The end result? Microsoft today has more than 30,000 users of its business intelligence platform across 95 countries.
Change management strategies to keep your business steady during transition
Though the change management process can be pretty challenging, causing different levels of stress for everyone involved, these strategies can help you implement a successful organizational change:
1. Develop a change management plan
Executing any major change in your organization requires planning. That plan should address:
- The scope of the change
- When the change would be fully implemented
- Who is responsible for each rollout of the plan
- What the employees and managers need
- An analysis of the readiness of the workforce for the change
By covering these aspects in your change management plan, you can avoid some challenges organizations face and ensure your change project doesn’t fall through the cracks.
2. Apply honesty and transparency
To keep your business steady during any transition, you must be honest and transparent with your workforce. Most workers don’t feel comfortable with changes. So being transparent at every step of the change management process will help you build trust and ensure a smooth transition.
3. Invest in the right tools
As part of your change management strategies, you must identify the change management tools that can support your planning, communication, training and support, data management, and analytics.
Use tools that let you keep track of your change efforts, so you don’t have to deal with avoidable problems.
4. Address resistance through effective communication
The key to overcoming resistance is frequent and proper communication. Workers assume the worst about how the change will impact their jobs when there’s a lack of communication. You can avoid this by addressing any issues right from the very beginning.
5. Establish change leaders
If you want to lead a proper change management initiative, establish change leaders that can help motivate the team to push through the transition. The leaders can be a mix of employees from different departments impacted by the change and can influence opinions.
6. Get constant feedback
Getting feedback from your employees is an excellent way to improve your change management process. It will also address any concerns or resistance and get the employees involved in the change process.
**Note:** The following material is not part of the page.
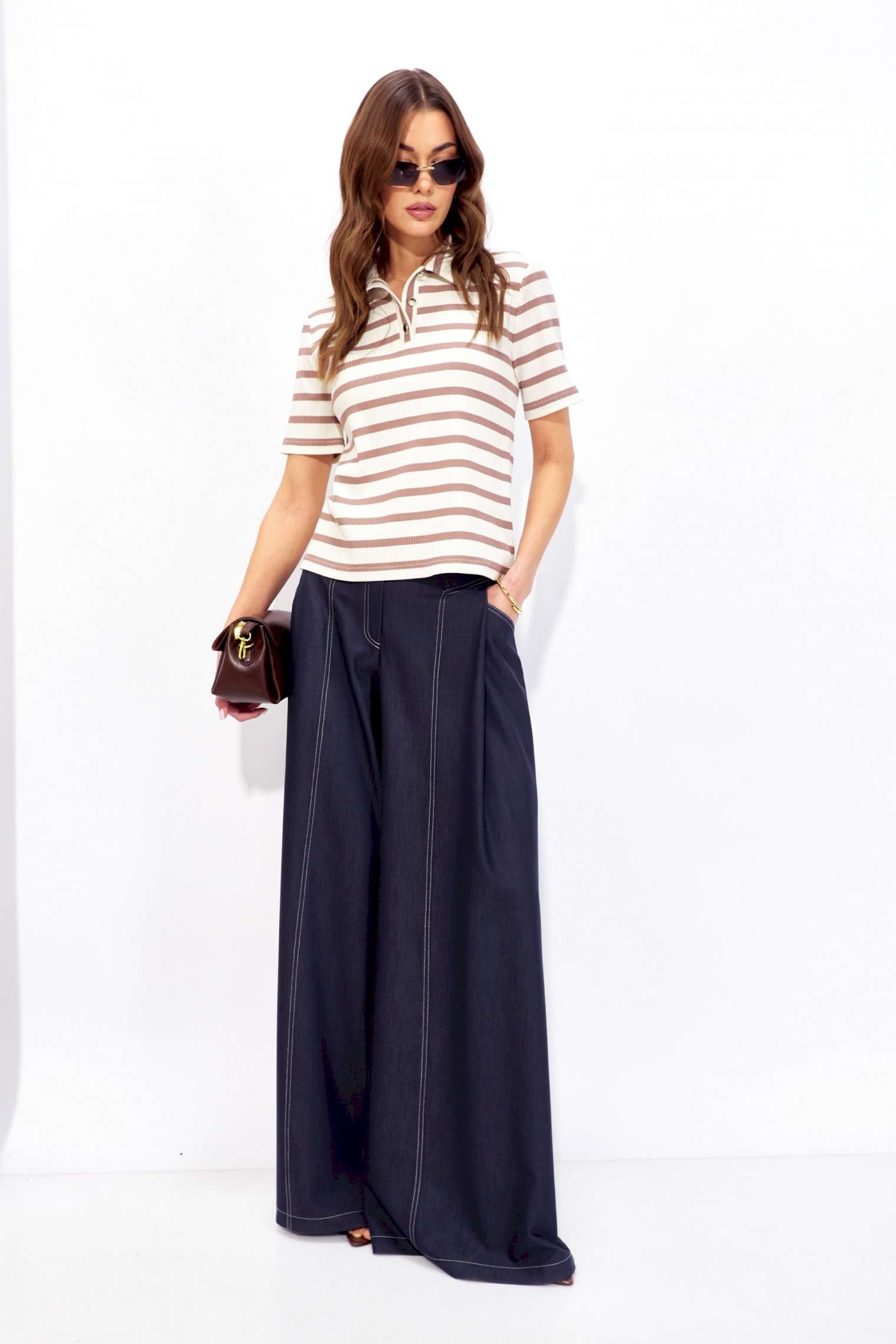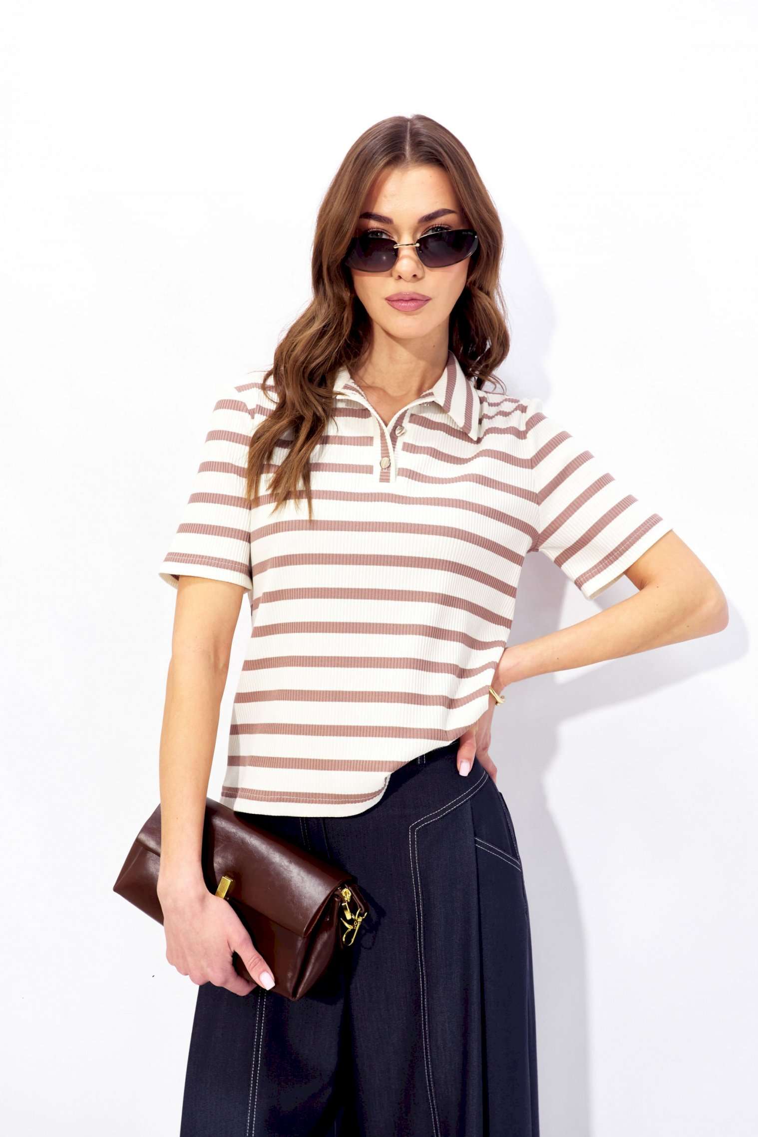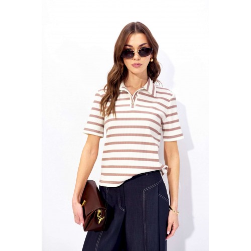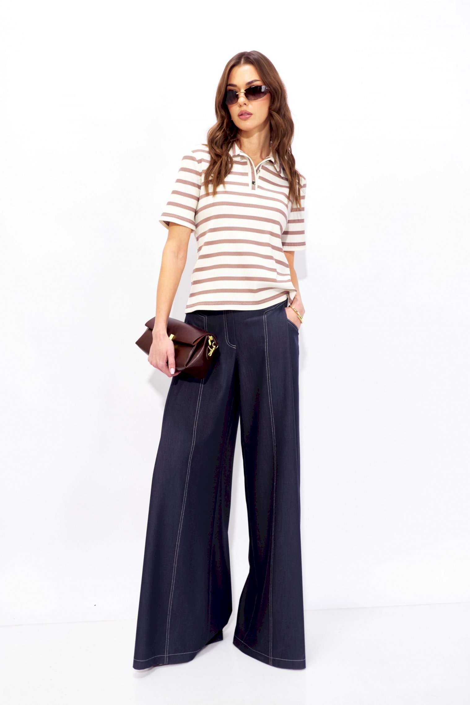 Джемпер полуприлегающего силуэта из трикотажного полотна в полоску. Воротник стояче-отложной, по центру застежка на петли и пуговицы. Рукав втачной, одношовный, выше линии локтя. Обращаем ваше внимание, что фурнитура может отличаться от фото. Длина джемпера (44-48р – 54см)(50-54р - 60см) Длина рукава от горловины (44-48р - 23,5см)(50-54р - 24,5см)
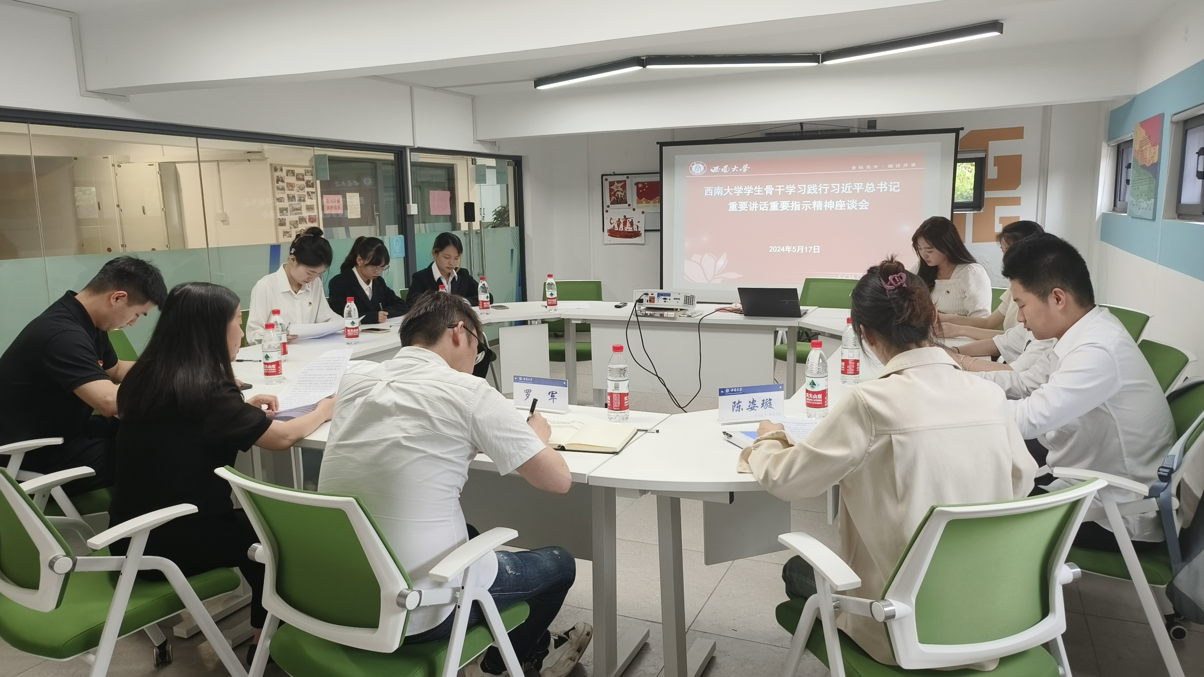 为深入学习习近平总书记视察重庆重要讲话重要指示精神及新时代推动西部大开发座谈会会议精神,贯彻落实习近平总书记对新时代青年重要寄语精神及对学校思政课建设作出的重要指示,不负习近平总书记对广大青年学子的殷切期待,2024年5月17日,sunbet申搏官方网站学生骨干学习践行习近平总书记重要讲话重要指示精神座谈会在荣昌校区青樟空间召开,学校党委学生工作部(处)副部(处)长罗军、新闻传媒学院辅导员郭志聪、商贸学院辅导员陈姿璇出席会议,学生党员示范班代表、优秀学生标兵代表、荣昌校区学生骨干代表参加,会议由学校党委学生工作部(处)副部(处)长、荣昌校区学生工作办公室主任罗艳芬主持。

7. Provide ongoing support
Change is not instant. It requires a series of repetitions to get people to adapt to the new routine or process. By providing ongoing support, which includes in-person and on-screen guidance, you ensure your employees continue and stay in line with your change initiatives.
Eliminate pushbacks with Userguiding
Poor communication is arguably the most prominent reason why people push back on change in an organization. Luckily, you can eliminate these pushbacks by walking your employees through why you’re driving a change in your organization and explaining the product you’re about to launch.
Investing in change management is a proven path to project success. With the use of change management tools, you can provide training, create knowledge bases, and track the progress of your change initiatives to make the transition quick and successful.
For instance, you can use UserGuiding to deliver an interactive onboarding experience to the new systems that come with change, helping your employees adopt the change process. What’s more, the tool requires no coding from creation to integration to maintenance and is as simple as dragging and dropping.
Take UserGuiding for a spin today.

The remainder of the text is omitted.